Reviews

Scythe by Neal Shusterman

review-graphic
28954189Scythe

 Author: Neal Shusterman

 Release Date: November 22, 2016

 Publisher: Simon & Schuster Books for Young Readers

Format: hardcover

Pages: 448

Source: Simon & Schuster Canada

Amazon| Chapters/Indigo | Kobo | Book Depository


 Summary:

Thou shalt kill.

A world with no hunger, no disease, no war, no misery. Humanity has conquered all those things, and has even conquered death. Now scythes are the only ones who can end life—and they are commanded to do so, in order to keep the size of the population under control.

Citra and Rowan are chosen to apprentice to a scythe—a role that neither wants. These teens must master the “art” of taking life, knowing that the consequence of failure could mean losing their own.  (Goodreads)


Favourite Quotes:

…scythes were no more supernatural than tax collectors in the grand scheme of things. They showed up, did their unpleasant business, and were gone. (p. 5)

“You have three hundred sixty-five days of immunity.” And then, looking him in the eye, said, “And I’ll be seeing you on day three hundred sixty-six.” (p. 59)

“I’m a human being, not a mole.” (p. 125)

“So is there a reason you chose your robes to be the color of piss?” (p. 205)


Review:

 * I received a copy of this book from the publisher in exchange for an honest review. This does not affect my opinion.*

Scythe almost flew under my radar. I’ve never read anything by Neal Shusterman before and hadn’t heard about this one until all of a sudden those closest to me kept talking about it. Then I went to the Simon & Schuster Canada preview and they built up even more hype for this title for me. I’m always scared going into titles with that much excitement but let me tell you…it blew my expectations OUT OF THE WATER!

There are so many incredibly powerful questions raised through the plot of Scythe and what I love is that nothing is easily resolved or quick-fixed.

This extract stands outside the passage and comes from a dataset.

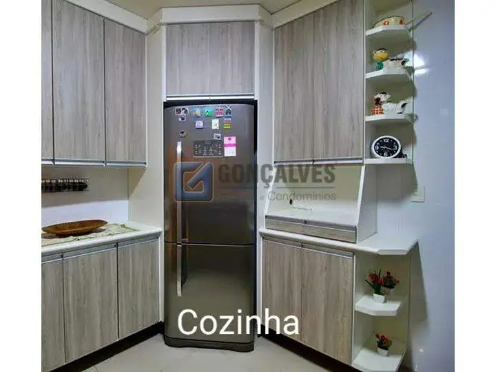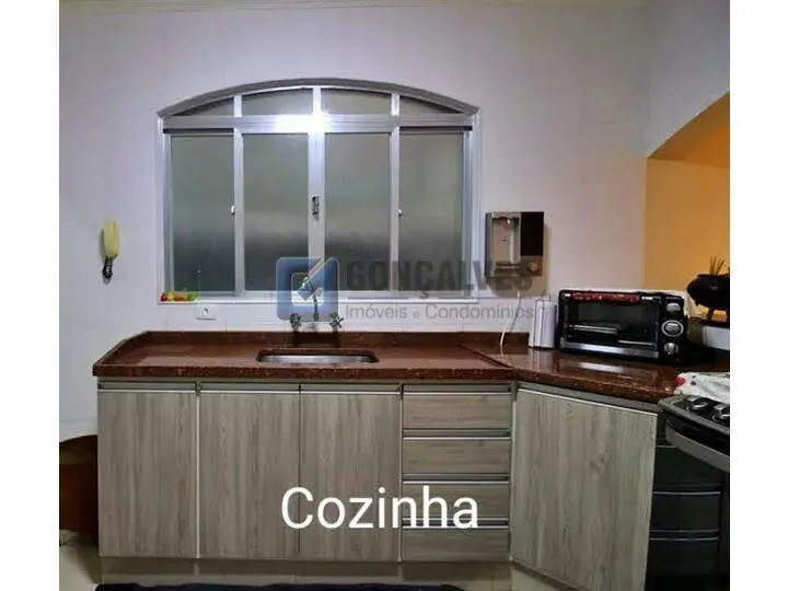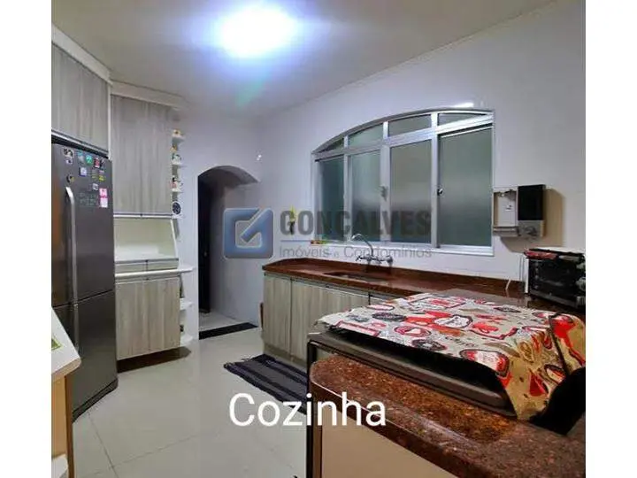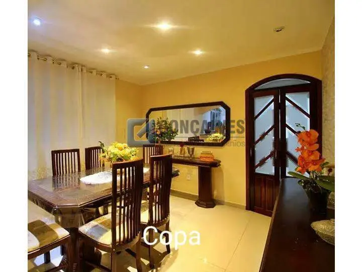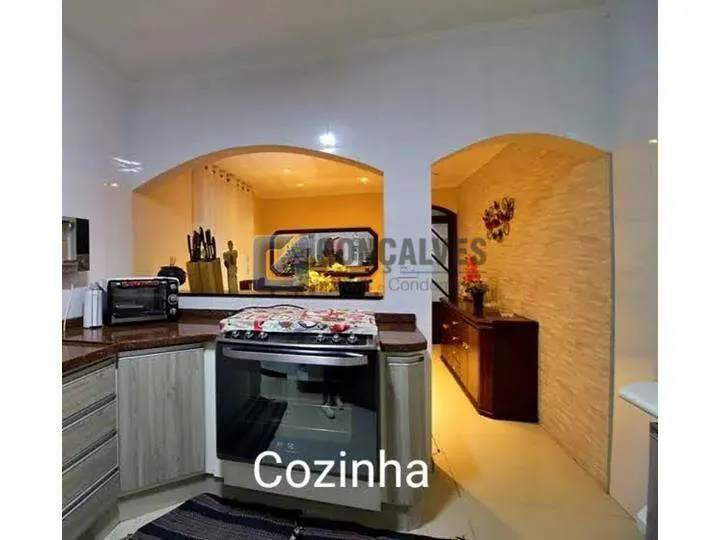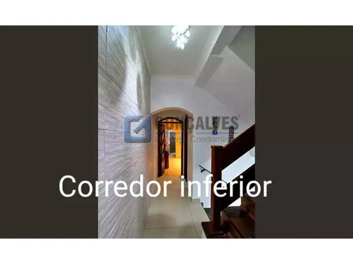 Sobrado de venda em Santo André (Jardim Las Vegas) com 4 quartos, sendo 1 suíte, 2 banheiros e 1 sala. Área interna de 171 m² em acabamento de madeira, área externa de 125 m² e terreno de 125 m². Possui área de serviço, armários na cozinha e quartos, portão eletrônico e 3 vagas de garagem.

It looks at morality, human nature, power, corruption, and the actual feasibility of a Utopian society. We are complex creatures and even when we think we have it all figured out, we probably (usually) haven’t figured out as much as we think. Scythe doesn’t give you any answers to the burning questions and conundrums of humanity but it definitely makes you think.

I was also super invested in the plot and the well-being of all (okay almost all) the characters. For me, if I’m not sucked into the story within the first couple of chapters then you’ve lost me. I was in from the very start, there was no question. The premise is so interesting and the characters are very compelling. I adore Citra, Rowan, and Scythe Faraday and on the other end of the spectrum straight up despise Scythe Goddard and his flashy posse; I love when characters make me feel so intensely.


Final Verdict: 

I not only highly recommend this book but would likely do some questionable things to get my hands on book 2 right this second. It’s honestly so good and intense. Just read it, okay?